The text data can be accessed here.
Here's my working code:
import networkx as nx
import pandas as pd
import matplotlib.pyplot as plt
email_df = pd.read_csv('email_network.txt', delimiter = '->')
edge_groups = email_df.groupby(["#Sender", "Recipient"], as_index=False).count().rename(columns={"time":"weight"})
email = nx.from_pandas_dataframe(edge_groups, '#Sender', 'Recipient', edge_attr = 'weight')
G = nx.MultiDiGraph()
G.add_edges_from(email.edges(data=True))
# G is a .MultiDiGraph object
# using .strongly_connected_components() to get the part of G that has the most nodes
# using list comprehension
number_of_nodes = [len(n) for n in sorted(nx.strongly_connected_components(G))]
number_of_nodes
# 'number_of_nodes' return a list of [1, 1, 1,...,1] of length 167 (which is the exact number of nodes in the network)

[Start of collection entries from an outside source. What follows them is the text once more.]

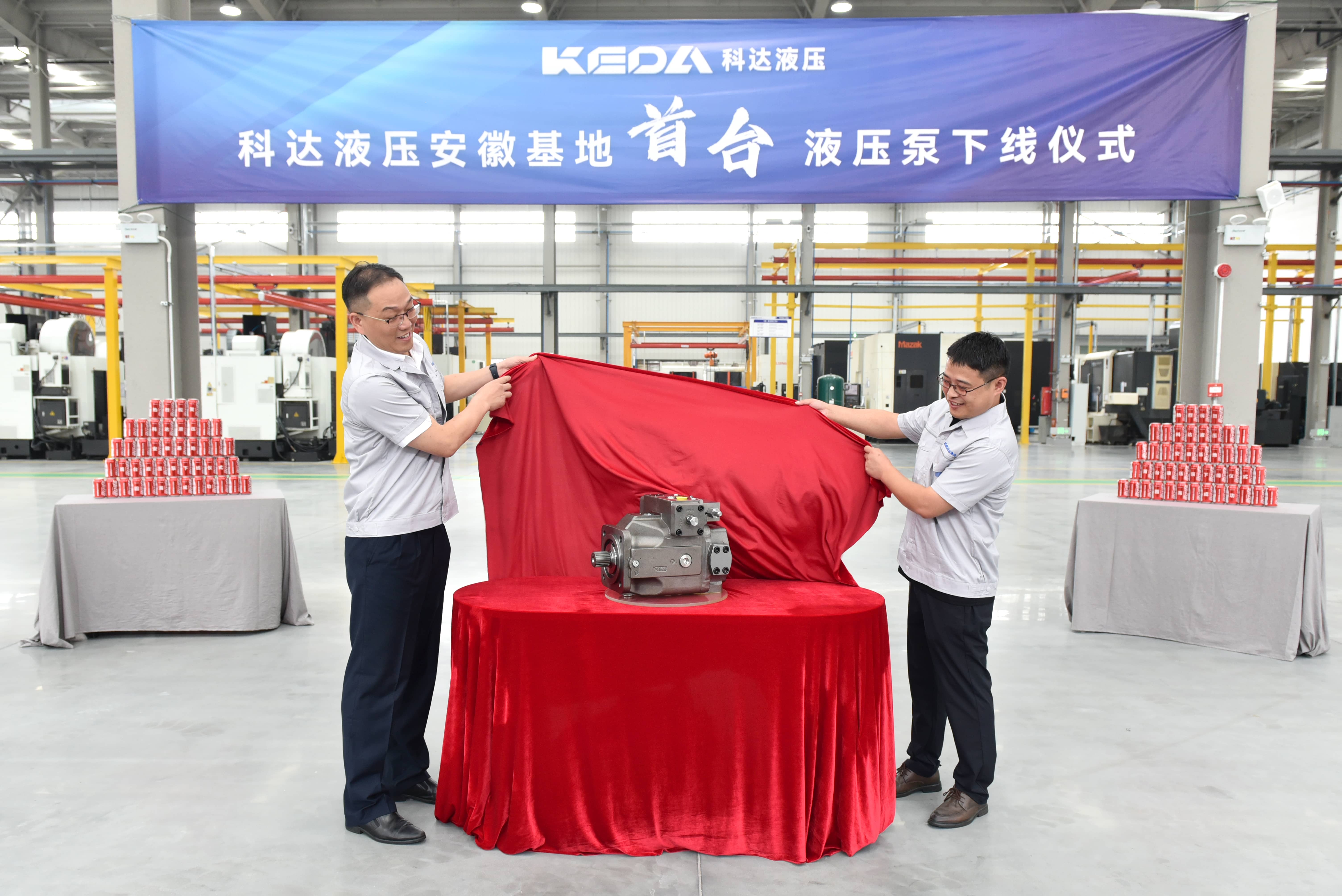 In a highlight moment, GM Mr. Xiaohui CHEN and Executive VP Mr. Zhengfu LIU jointly unveiled the first hydraulic pump in this brand new workshop. The K4V200 hydraulic pump, which officially rolled off the line, is one of KEDA Hydraulic’s most popular market products.
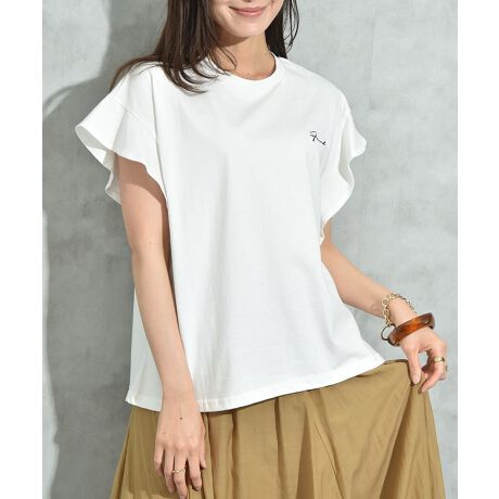 控えめな袖のフリルが大人フェミニンな印象に◎自然に広がる優しいシルエットでスタイリングに迷わない1枚。華奢なロゴ刺繍でさりげなく取り入れた大人っぽい着こなしに◎1ランクアップした大人のカジュアルスタイルを完成させてくれる優秀なアイテムです。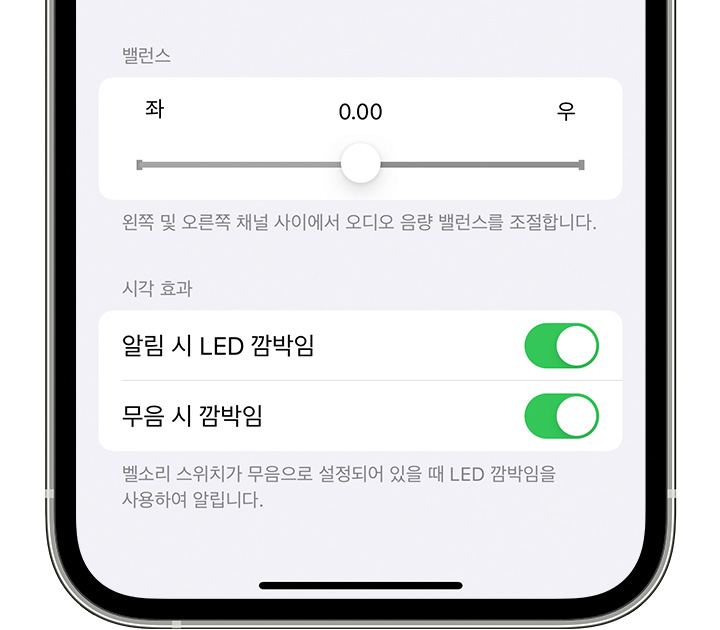 iPhone 또는 iPad*가 무음 모드일 때 LED가 깜빡이지 않게 하려면 '무음 시 깜빡임'을 끕니다.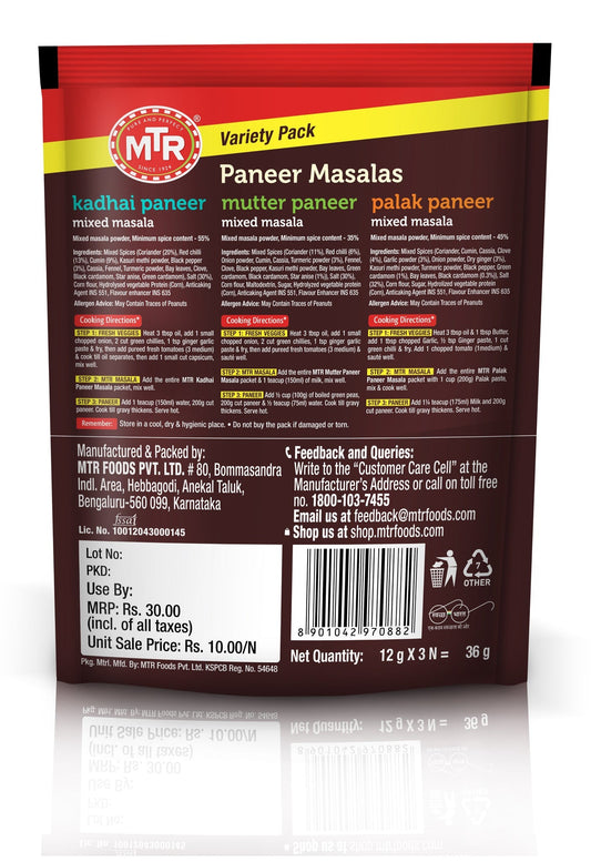 MTR PANEER MASALA VARIETY PACK 36 G (PACK OF 3)

# using the recommended method in networkx documentation
largest = max(nx.strongly_connected_components(G), key=len)
largest
# 'largest' returns {92}, not sure what this means...
As I noted in the above code block, the list comprehension method returns a list of [1, 1, 1,..., 1] of length 167 (which is the total number of nodes in my data), while the max(nx.strongly_connected_components(G), key=len)
returned {92}
, I am not sure what this means.
It looks like there's something wrong with my code and I might have missed several key steps in processing the data. Could anyone care to take a look at and enlighten me on this?
Thank you.
Note: Revised code (kudos to Eric and Joel)
import networkx as nx
import pandas as pd
import matplotlib.pyplot as plt
email_df = pd.read_csv('email_network.txt', delimiter = ' ')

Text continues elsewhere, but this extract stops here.